* **Task details**
Starting at the line that contains "A serene coastal" and stopping after the line that contains "جمعية تهتم في", transcribe the listing below exactly; do not include any pictures.

* **Records provided**
● ● ●
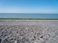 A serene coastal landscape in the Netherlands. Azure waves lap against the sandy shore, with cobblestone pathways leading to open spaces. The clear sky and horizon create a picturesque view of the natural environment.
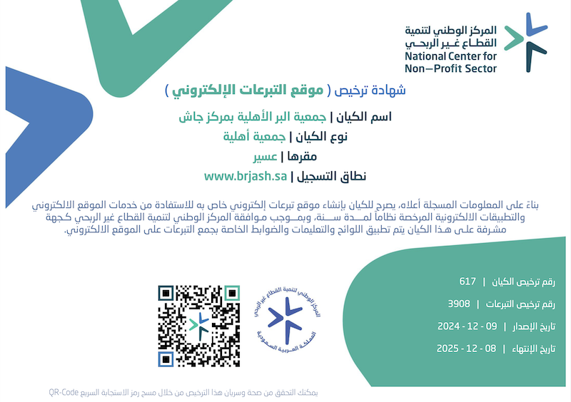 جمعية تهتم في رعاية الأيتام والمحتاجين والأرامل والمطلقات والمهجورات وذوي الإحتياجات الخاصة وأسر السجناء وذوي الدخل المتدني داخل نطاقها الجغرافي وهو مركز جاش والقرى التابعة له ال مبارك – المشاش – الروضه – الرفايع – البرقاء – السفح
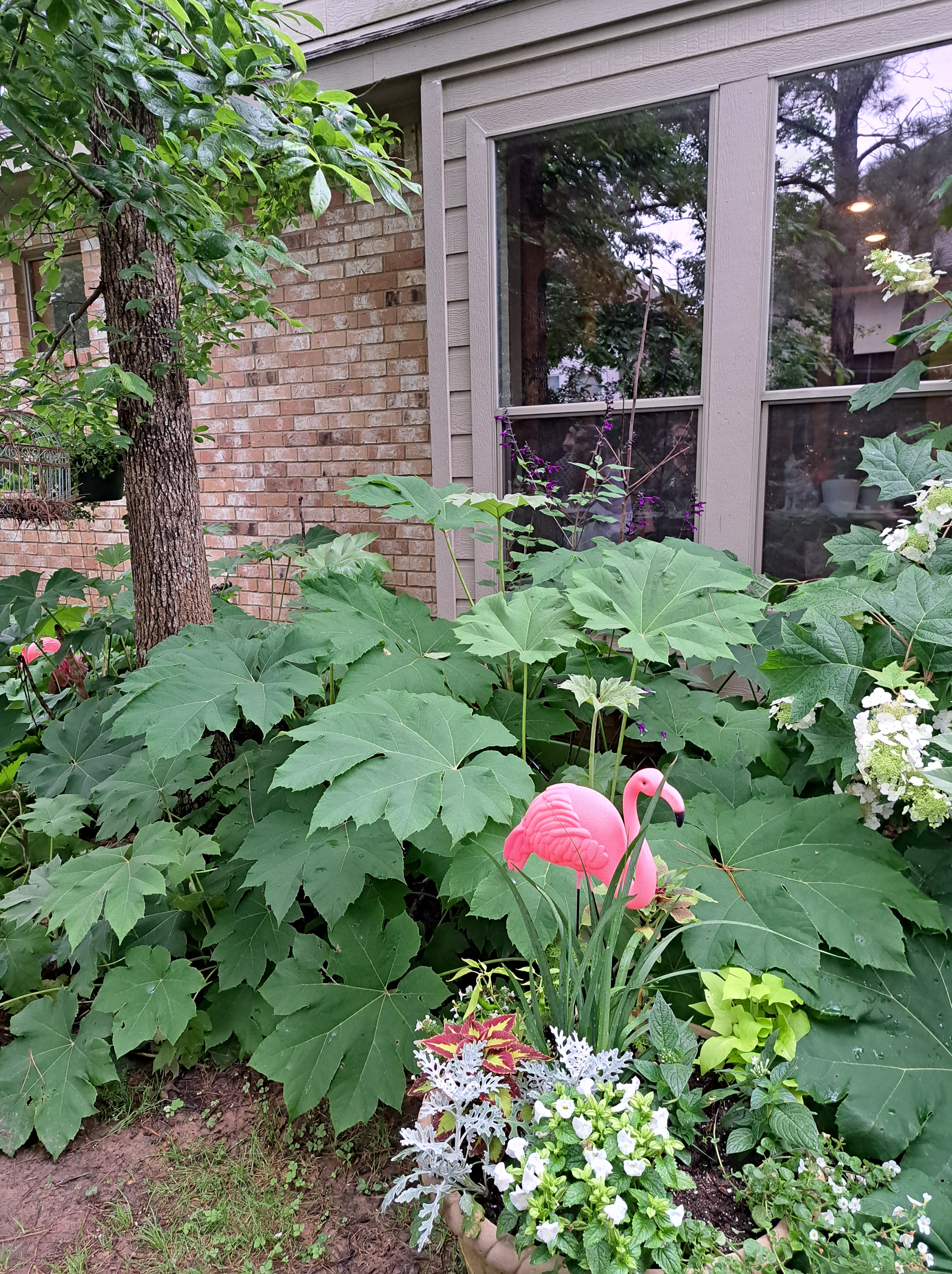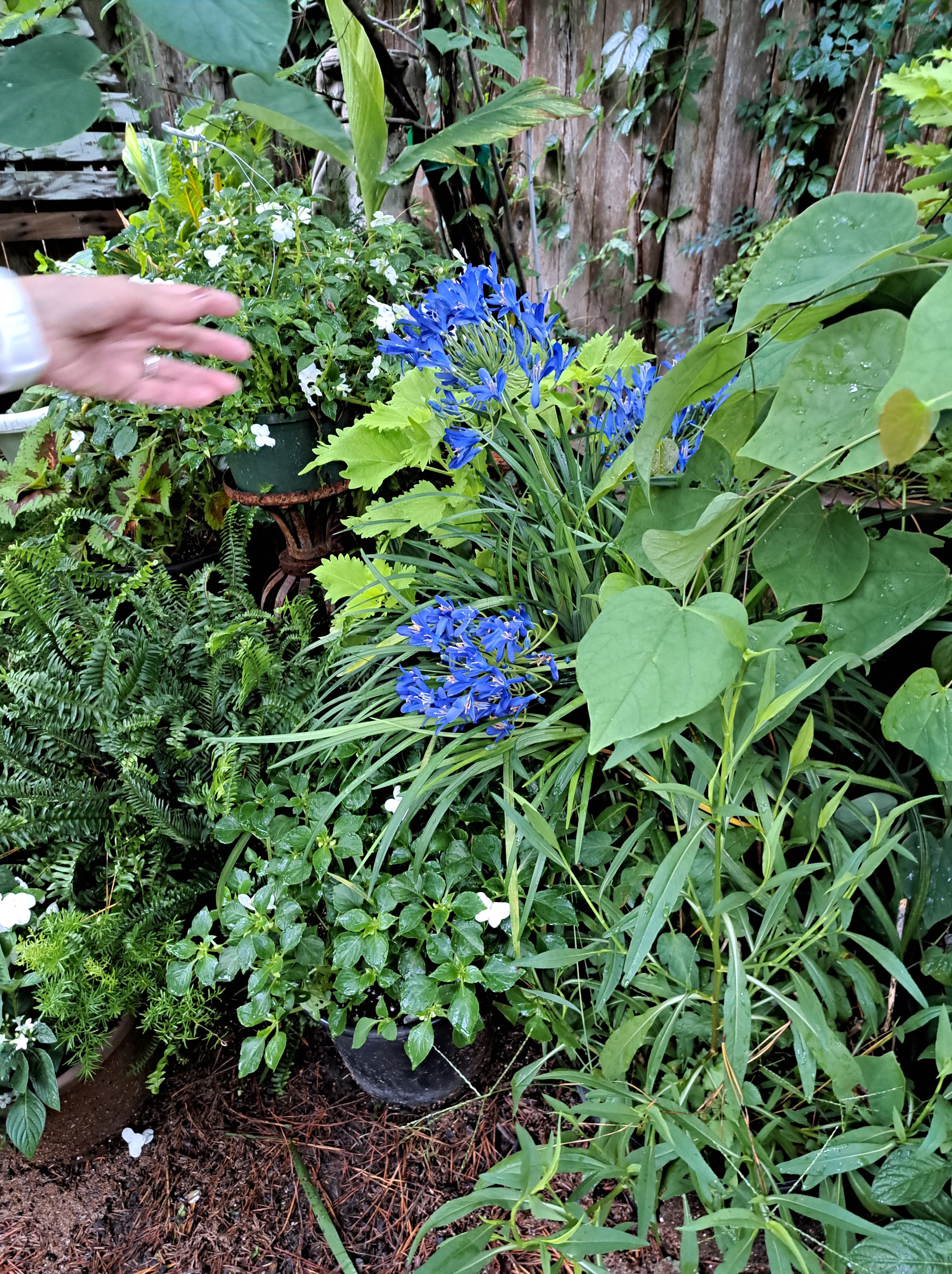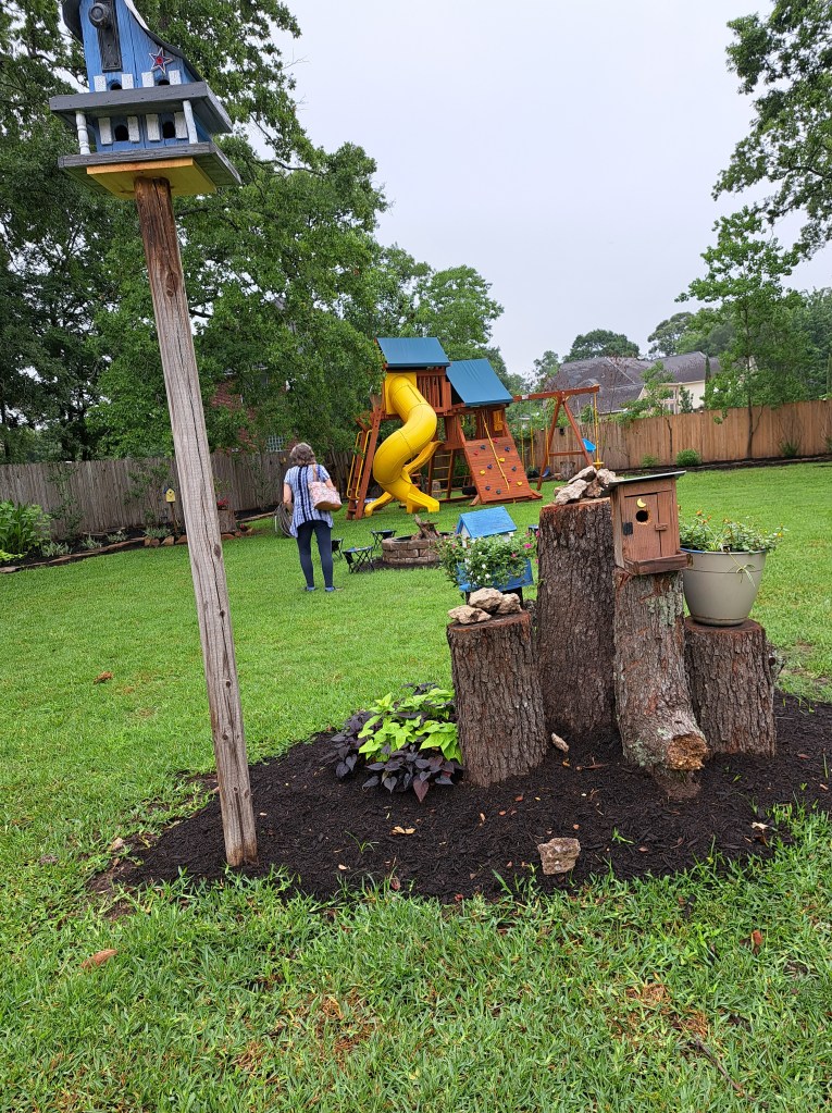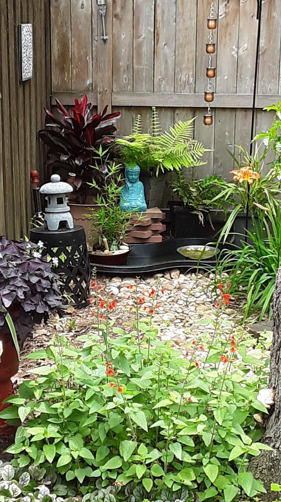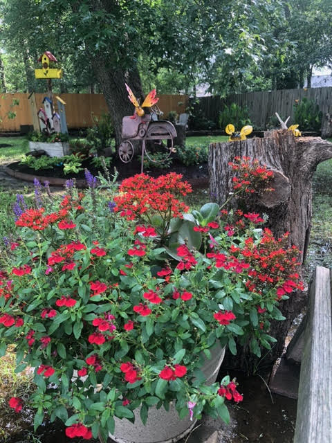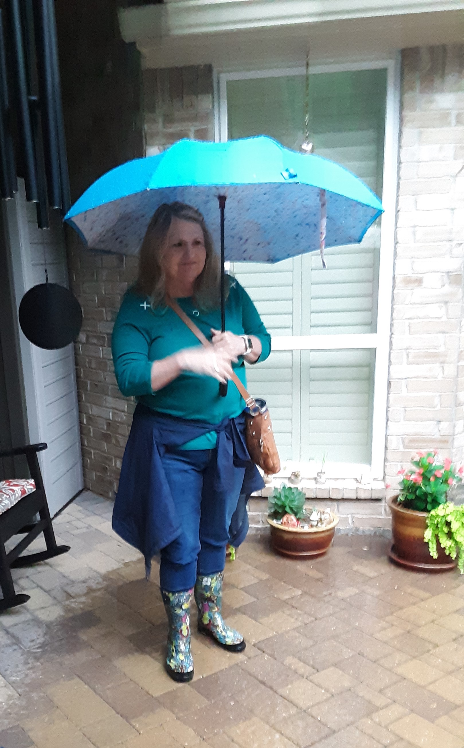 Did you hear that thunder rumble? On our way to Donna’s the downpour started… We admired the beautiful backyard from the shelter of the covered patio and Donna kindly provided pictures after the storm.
● ● ●
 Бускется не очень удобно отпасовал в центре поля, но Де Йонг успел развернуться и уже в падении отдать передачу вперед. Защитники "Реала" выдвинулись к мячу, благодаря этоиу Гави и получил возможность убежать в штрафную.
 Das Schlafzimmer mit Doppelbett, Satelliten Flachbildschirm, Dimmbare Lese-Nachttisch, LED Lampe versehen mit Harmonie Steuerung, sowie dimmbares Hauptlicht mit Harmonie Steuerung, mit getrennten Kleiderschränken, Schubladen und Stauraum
● ● ●
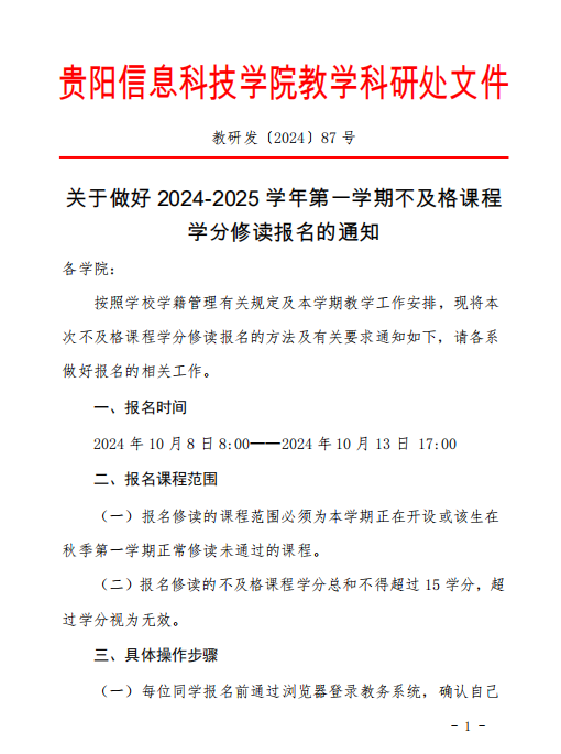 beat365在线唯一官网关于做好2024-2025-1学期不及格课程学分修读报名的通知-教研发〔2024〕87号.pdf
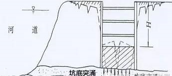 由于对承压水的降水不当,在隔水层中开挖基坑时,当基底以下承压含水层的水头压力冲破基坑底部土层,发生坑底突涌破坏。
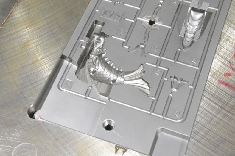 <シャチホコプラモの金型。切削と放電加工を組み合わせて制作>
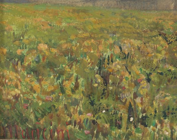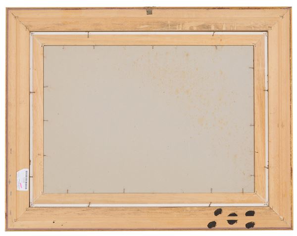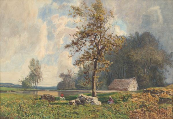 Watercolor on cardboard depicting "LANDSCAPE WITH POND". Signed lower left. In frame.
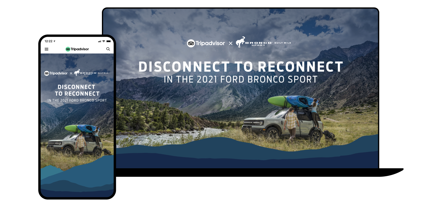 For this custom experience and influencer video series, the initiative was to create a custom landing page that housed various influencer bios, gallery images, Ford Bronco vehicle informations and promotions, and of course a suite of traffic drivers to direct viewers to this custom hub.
● ● ●
* **Final answer**
 A serene coastal landscape in the Netherlands. Azure waves lap against the sandy shore, with cobblestone pathways leading to open spaces. The clear sky and horizon create a picturesque view of the natural environment.
 جمعية تهتم في رعاية الأيتام والمحتاجين والأرامل والمطلقات والمهجورات وذوي الإحتياجات الخاصة وأسر السجناء وذوي الدخل المتدني داخل نطاقها الجغرافي وهو مركز جاش والقرى التابعة له ال مبارك – المشاش – الروضه – الرفايع – البرقاء – السفح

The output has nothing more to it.